In more detail, the Sensex gained 393.69 points, settling at 66079.36. Similarly, the Nifty increased 121.5 points and closed at 19689.85. Throughout the day, the Nifty reached a high of 19839.2 and a low of 19756.95 yesterday. The Sensex traded between 66592.16 and 66299.79, closing 0.6% higher than the opening price.
Wipro, Ultratech Cement, and Reliance Industries stood out as the top gainers, with increases of 3.29%, 2.09%, and 1.58% respectively. On the other hand, HCL Technologies experienced a decrease of 1.24%, making it one of the top losers.

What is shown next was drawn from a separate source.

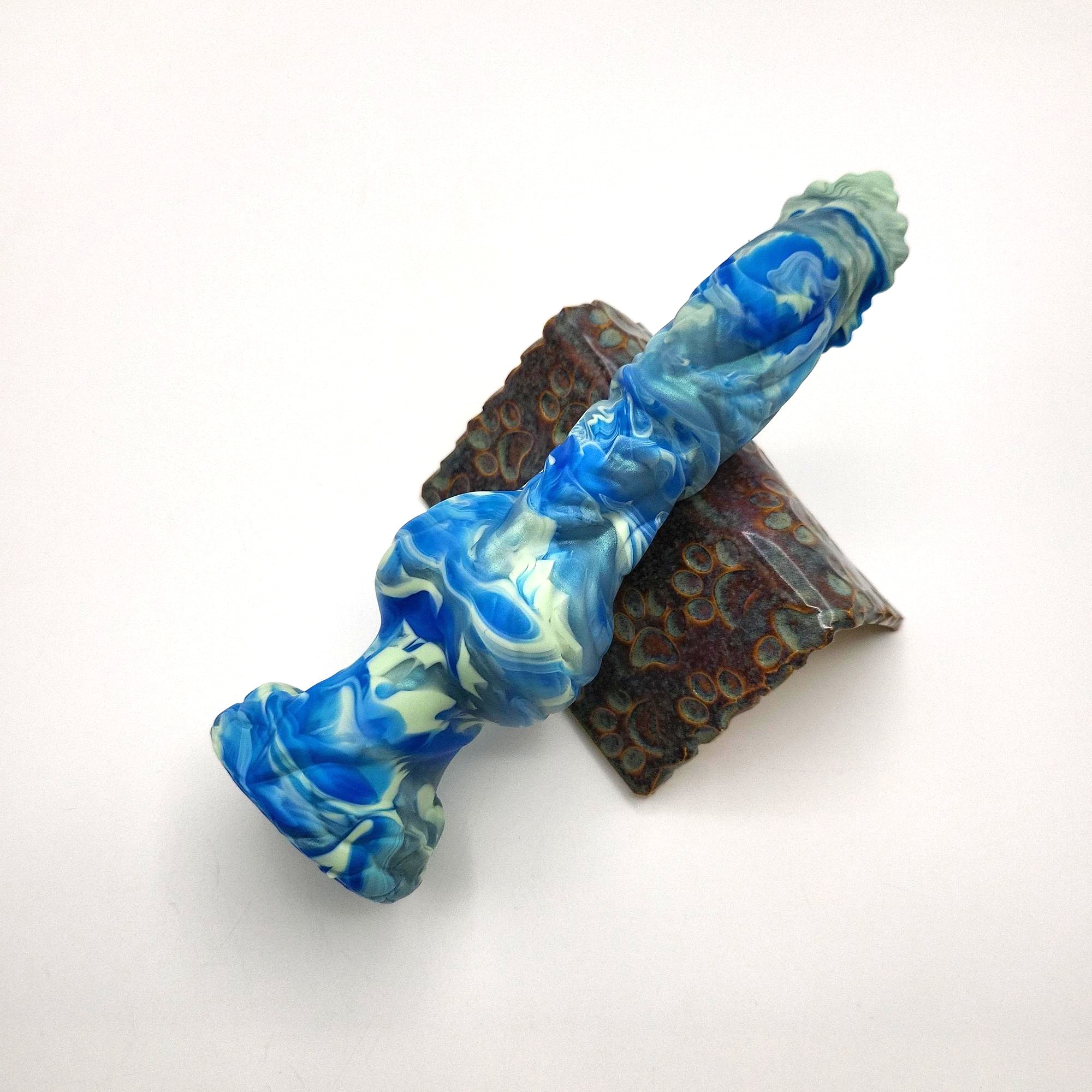 Hephos offers a lot of texture while still maintaining a streamlined shape. The bumpy tip is quite stimulating and the lower half offers a comfortable knotting experience. :3

On Wednesday, stock indices climbed amid expectations of upcoming rate hikes and confidence that conflicts in the Middle East will remain regionally contained. The sectors that experienced the most growth were Media, Realty, and Metal.
Later in the day, the earnings season will begin with companies like TCS, Delta Corp, Samhi Hotels, and Zaggle Prepared scheduled to announce their quarterly earnings.
Asian stocks followed Wall Street's lead, rising as traders reduced bets on Federal Reserve rate hikes. Anticipations of further stimulus from China also contributed to the gains.
Despite its largest rally since April, oil prices slightly declined. This is due to the containment of the Israel-Hamas conflict and Saudi Arabia's commitment to market stability.
Analysts suggest that the positive momentum in the markets was supported by the belief that the conflict between Israel and Hamas will not escalate into a broader Middle East crisis that could affect crude oil prices.
All sectors participated in the rally, with the exception of the PSU Bank and IT index. The sectors of Auto, FMCG, and Realty saw the most significant increases. The IT sector started strong but became more subdued as the day progressed, ahead of the TCS earnings report scheduled for later in the day.
I/we have no positions in any stocks mentioned, and no plans to initiate any positions within the next 72 hours.
I wrote this article myself, and it expresses my own opinions. I am not receiving compensation for it (other than from Stocx Research Club). I have no business relationship with any company whose stock is mentioned in this article.
I am not a SEBI Registered individual/entity and the above research article is only for educational purpose and is never intended as trading/investment advice.